Security Clearance Problem – Bad Credit Stories
Can your bad credit effect a background check or security clearance at work?Over 4 million people hold top secret security clearance. Some are in the military, others are contractors who work with sensitive information for the federal government. The ability to get a security clearance is a requirement for many jobs; and, the increasing prevalence of bad credit is threatening many people’s eligibility.
The Dangers of Debt
High levels of debt or a poor history of repayment can keep you from getting a security clearance or, if you already have one, put your status in danger. There’s no specific number as far as credit score or amount of debt that will rule you ineligible; these decisions are made on a case by case basis. Also, unsecured debt like credit cards is handled differently than secured debt like home loans. But, experts say that, as unsecured debt levels head toward 50% of your annual, your chances of getting or maintaining clearance drop.
The reason for this is that those with high debt are considered more vulnerable. The chances of someone with paralyzingly high debt accepting bribes in exchange for information, for instance, are far higher than the risks with someone who is financially secure.
The Whole Person Approach
If you are in the military or if you work with government contracts, a security clearance may be necessary to move up in your career. A lack of eligibility can keep you off plum assignments or stagnate you and make it impossible to get promoted.
Luckily, credit and debt are not the only factors that are considered when you apply for a security clearance. During the adjudicative process, when your history is being considered, they will consider a wide range of information about your personal history. If you have black marks on your credit like a foreclosure or bankruptcy, they will take into account how recent the issue was, and what your behavior has been like since the occurrence.
How to Protect Your Clearance
If a security clearance is something that you will require at some point in your career, it’s important to protect your credit as much as possible. Do not use credit cards to extend your spending capabilities; instead, charge small amounts each month and pay it off regularly. Be conscientious about paying your bills on time.

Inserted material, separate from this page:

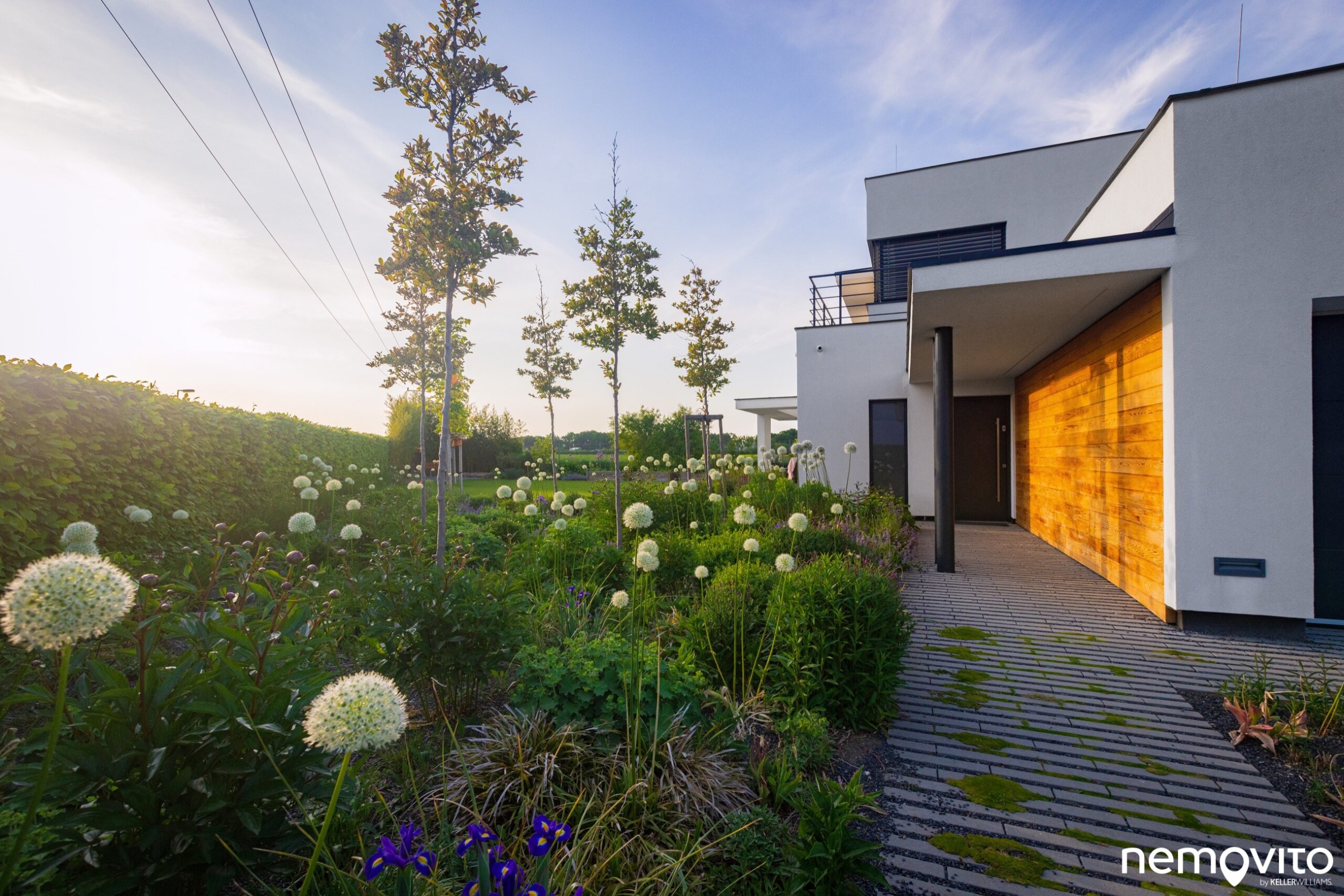 Než se do toho pořádně pustíme, vezmeme to pěkně od začátku. Tedy od pohledu z ulice, kterým vás bude váš nový dům každý den vítat. V živém plotu z habrů, který pozemek lemuje a zajišťuje mu vysokou míru soukromí, zahlédl jsem škarohlída. Ten běžně tvrdí, že duši mají staré domy, a že ty nové postrádají osobnost. Nepochodil, se sklopeným zrakem musel zase o dům dál. Jsou totiž domy, které ač jsou nové, za srdce vás chytnou. Věk je totiž jenom číslo a charisma se jím neřídí.
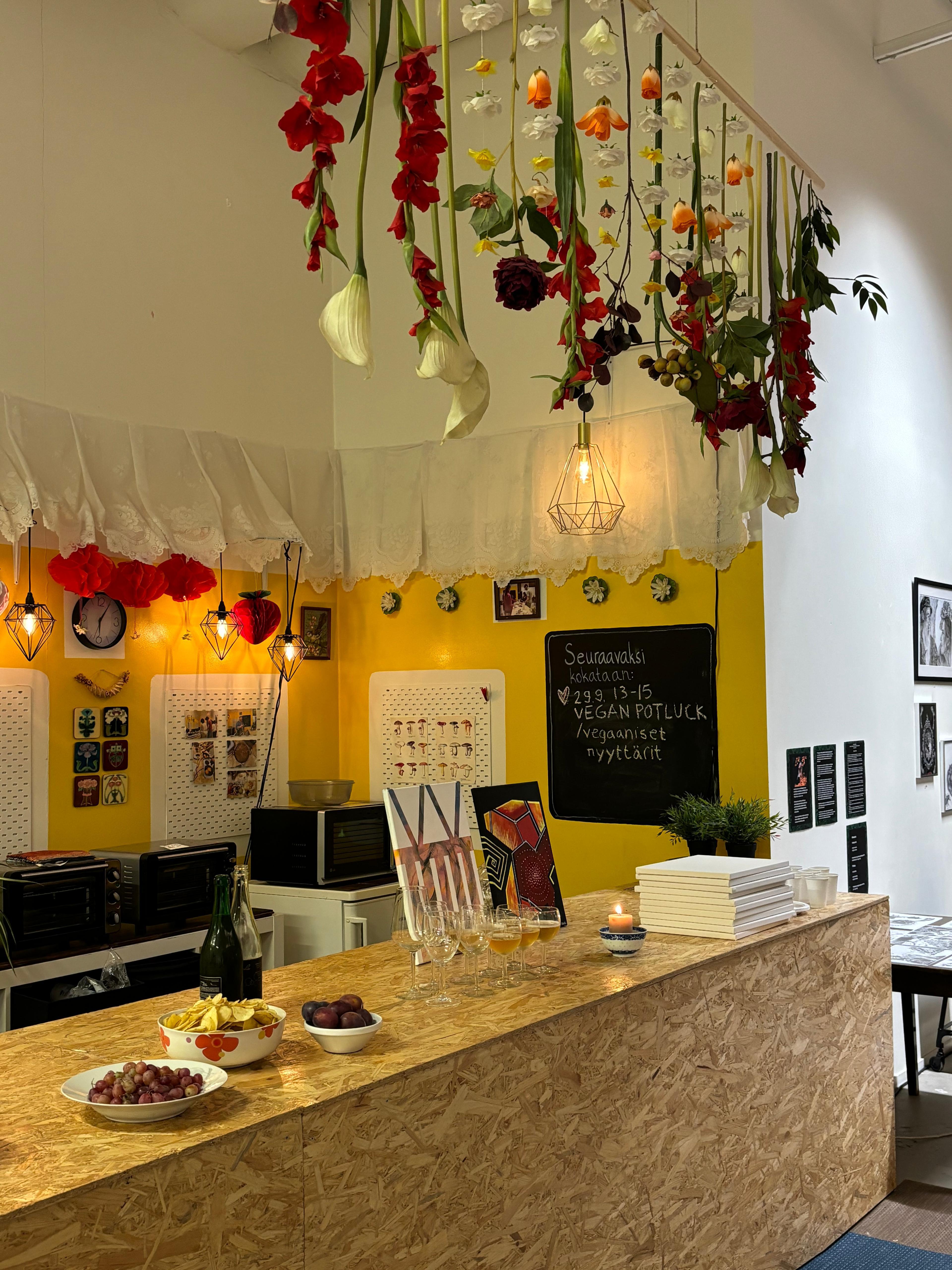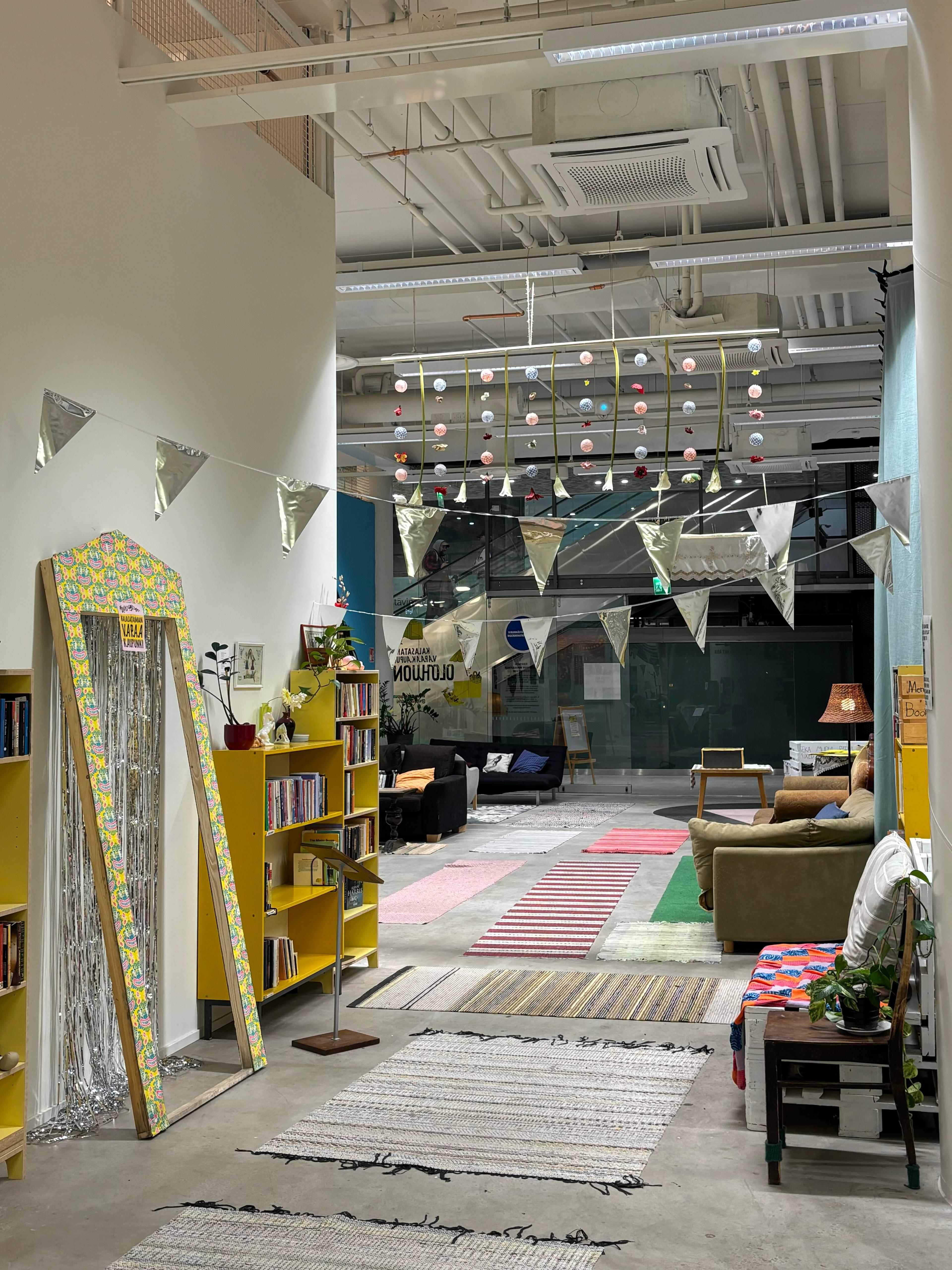EN: Kalasataman Vapaakaupungin Olohuone is a decorated living room located on the second floor of shopping center REDI in Kalasatama. The space is almost 450 square meters of size and 5 meters of height. The living room is sectioned into different spaces: for hanging out, quiet area for quiet hanging out or working and area for events and for making workshops. There are also changing exhibitions. The spaces are suitable for different types of activities such as workshops, hobby crafts, board gaming, co-working and yoga.

And, remember that those who make decisions about clearances know that people in the military or in security contracting are vulnerable to the same financial hiccups everyone else is. Frequent moving means that you can wind up upside down on a house. A spouse’s lay-off can cause temporary financial issues. If you are honest about any potential problems and dedicated to improving your credit record, it can go a long way toward improving your odds of getting the clearance you need to move up in your career.